Miller soon moved his family,
along with brother-in-law,
Mannie
Clements, to Pecos, where the family attended church, and
by all appearances, were an upstanding group. At about the
same time,
cattle
rustling and horse theft increased up and down the Pecos
Valley and
Miller spent much of his time in pursuit of the
thieves. But, when he never captured any, it raised suspicious
in the mind of local gunfighter and hard-case,
Barney Riggs,
who just happened to be Bud Frazer's brother-in-law. As the
increase in thefts had started to occur at just about the same
time as
Miller became a deputy,
Riggs
pointed out that perhaps
Miller should be looked at as a suspect and suggested the
Miller be fired. When Frazer confronted his deputy,
Miller
laughed off the accusation.
Miller, who was supported by members of his
church and with no proof of the allegations, was kept on by Frazer and
continued his service as a deputy.
However, when
Miller killed a Mexican prisoner who was "trying to escape," Frazer began to investigate.
Barney Riggs
alleged that
Miller had murdered the man because he knew where the deputy had
hidden a pair of stolen mules. When Frazer found that
Riggs
was correct and located the stolen mules, he immediately fired
Miller. This would be the beginning of the deadly Frazer-Miller feud,
which would last for the next several years.

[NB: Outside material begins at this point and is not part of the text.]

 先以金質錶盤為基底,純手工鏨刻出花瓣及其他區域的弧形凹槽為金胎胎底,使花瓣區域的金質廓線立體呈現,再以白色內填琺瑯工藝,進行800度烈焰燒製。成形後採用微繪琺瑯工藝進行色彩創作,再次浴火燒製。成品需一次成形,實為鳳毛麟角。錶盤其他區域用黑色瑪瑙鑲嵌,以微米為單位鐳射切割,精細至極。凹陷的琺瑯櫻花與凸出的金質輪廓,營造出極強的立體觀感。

The next year, in the 1892 Pecos Sheriff's
election,
Jim Miller opposed
Bud Frazer,
but lost. This; however, did not
stop
Miller from getting himself appointed as the Pecos City Marshal.
Marshal
Jim Miller then hired his brother-in-law,
Mannie
Clements as his deputy and surrounded himself with gunmen, including a
hard-case gunfighter named
Bill Earhart,
John Denson, another cousin of John
Wesley Hardin's; and Martin Q.
Hardin, who is not known to have been related to
John Wesley, but the two
evidently referred to themselves as "cousins."

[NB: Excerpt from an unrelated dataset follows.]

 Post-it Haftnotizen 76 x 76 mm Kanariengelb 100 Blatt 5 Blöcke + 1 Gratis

In May, 1893, Sheriff Frazer was away on
business and
Miller's criminal element virtually took over the town. In
the meantime,
Miller and his henchmen were also hatching a plan to
assassinate
Bud Frazer upon his return. The plan was to stage a shoot-out
on the railroad station platform when the sheriff returned. Nearby, would
be a third man who would shoot Frazer, making it appear as if he had been
killed by a stray bullet. However, when a man named Con Gibson overheard
the plan while in a local saloon, he contacted Frazer to let him know
about it. Frazer, in turn contacted the
Texas Rangers, and when Frazer arrived, he was flanked by
Texas Rangers.
Captain John R. Hughes soon arrested
Miller,
Clements
and Martin Hardin. The three were indicted on September 7, 1893 for
conspiring to kill Frazer. The case was transferred to El Paso to be
tried; however, the witness, Con Gibson, the primary prosecution witness
fled to nearby Eddy (now Carlsbad,)
New Mexico, where he was shot and killed by
Miller henchman, John Denson.
With their witness gone, the state was forced to release the three
prisoners.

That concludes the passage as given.